概要
去痰去湿(きょたんきょしつ)は、痰と湿の両邪を同時に取り除く治法である。 痰と湿はどちらも「陰邪」に属し、重濁・粘滞・阻滞の性質をもつため、 気機を妨げ、臓腑の運化や気血の流通を阻害して多彩な病証を生じる。

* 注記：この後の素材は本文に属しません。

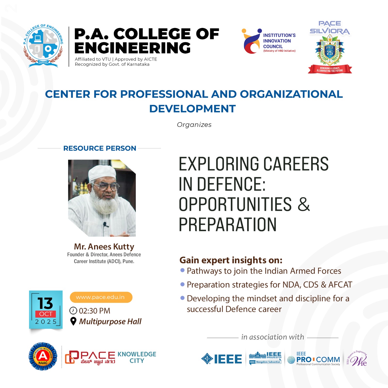 ESP Course DetailsOn October 13, 2025, the Center for Professional and Organizational Development at PA College of Engineering hosted an insightful session on exploring careers in defense and preparation strategies. The resource persons were Mr. Anees Kutty, Founder Director of Anees Defense Career Institute, Pune, and Dr. Sadaf. The session, attended by first- and third-year students, provided valuable guidance on defense career opportunities, preparation techniques, and career pathways. Dr. Ramis M. K., Principal, also participated, emphasizing the session's significance. The interactive program inspired students to consider defense careers, offering practical insights and motivation to pursue these prestigious and rewarding opportunities.

「湿は痰の源、痰は湿の化なり」といわれるように、両者は密接に関係しており、 主として脾の運化失調から生じる。 したがって、本法は健脾化湿・理気化痰・燥湿利水などの法を組み合わせ、 根本から痰湿を除くことを目的とする。
主な適応症状
- 痰が多く粘り、咳や吐痰が止まらない
- 胸脘痞満・腹部膨満・悪心・嘔吐
- めまい・頭重感・身体の重だるさ
- 食欲不振・舌苔白膩または黄膩
- 脈滑・脈濡など湿痰の特徴を示す
特に痰湿内阻・脾虚湿盛・痰濁上擾・痰湿壅肺などに広く応用される。
主な病機
- 脾失健運 → 水湿停滞 → 痰湿互結 → 気機阻滞
- 痰濁上擾 → 頭暈・悪心・胸悶
- 痰湿壅肺 → 咳嗽・咳痰・呼吸困難
- 痰湿阻絡 → 四肢痺重・麻木・倦怠
治療では、「痰湿同治」を原則とし、健脾燥湿・理気化痰・利水滲湿を併用する。 また寒熱に応じて、寒痰なら温化、熱痰なら清化を行う。
主な配合法
- 去痰去湿+健脾:脾虚痰湿・倦怠・泄瀉(例:参苓白朮散)。
- 去痰去湿+理気:痰湿阻滞・胸脘痞満(例:二陳湯、平陳二陳湯)。
- 去痰去湿+清熱:痰熱壅盛・咳嗽・黄痰(例:清気化痰丸)。
- 去痰去湿+温化:寒痰・白痰清稀(例:二陳湯合小青竜湯)。
- 去痰去湿+利水:痰湿停肺・浮腫・咳喘(例:苓甘五味姜辛湯)。
代表的な方剤
- 二陳湯(にちんとう):痰湿壅盛による咳嗽・胸脘痞満・嘔吐。
- 平胃散(へいいさん):中焦湿困による食欲不振・腹満。
- 導痰湯(どうたんとう):痰濁上擾によるめまい・悪心・痰多。
- 温胆湯(うんたんとう):痰湿内擾による不眠・胸悶・悪心。
- 苓甘五味姜辛湯(れいかんごみきょうしんとう):寒痰湿盛による咳嗽・痰多。
- 三仁湯(さんにんとう):湿温初期・湿重痰多・倦怠。
臨床でのポイント
- 痰と湿は同源であり、どちらか一方を除くだけでは再発しやすい。
- 治療の基本は「健脾運湿」で、脾を強めて再発を防ぐ。
- 寒痰には温化・芳香化湿、熱痰には清熱化痰を併用する。
- めまい・頭重・胸満などには理気・行血を加えると効果的。
- 慢性痰湿では、気虚・陽虚・血瘀の併存に注意する。
まとめ
去痰去湿は、痰と湿をともに取り除き、気機の通暢と水液代謝を回復させる治法である。 主に脾失健運・痰湿内盛に用いられ、代表方剤には二陳湯・平胃散・温胆湯・導痰湯などがある。 痰湿が除かれることで、身体の重だるさ・めまい・咳嗽・嘔吐などが改善する。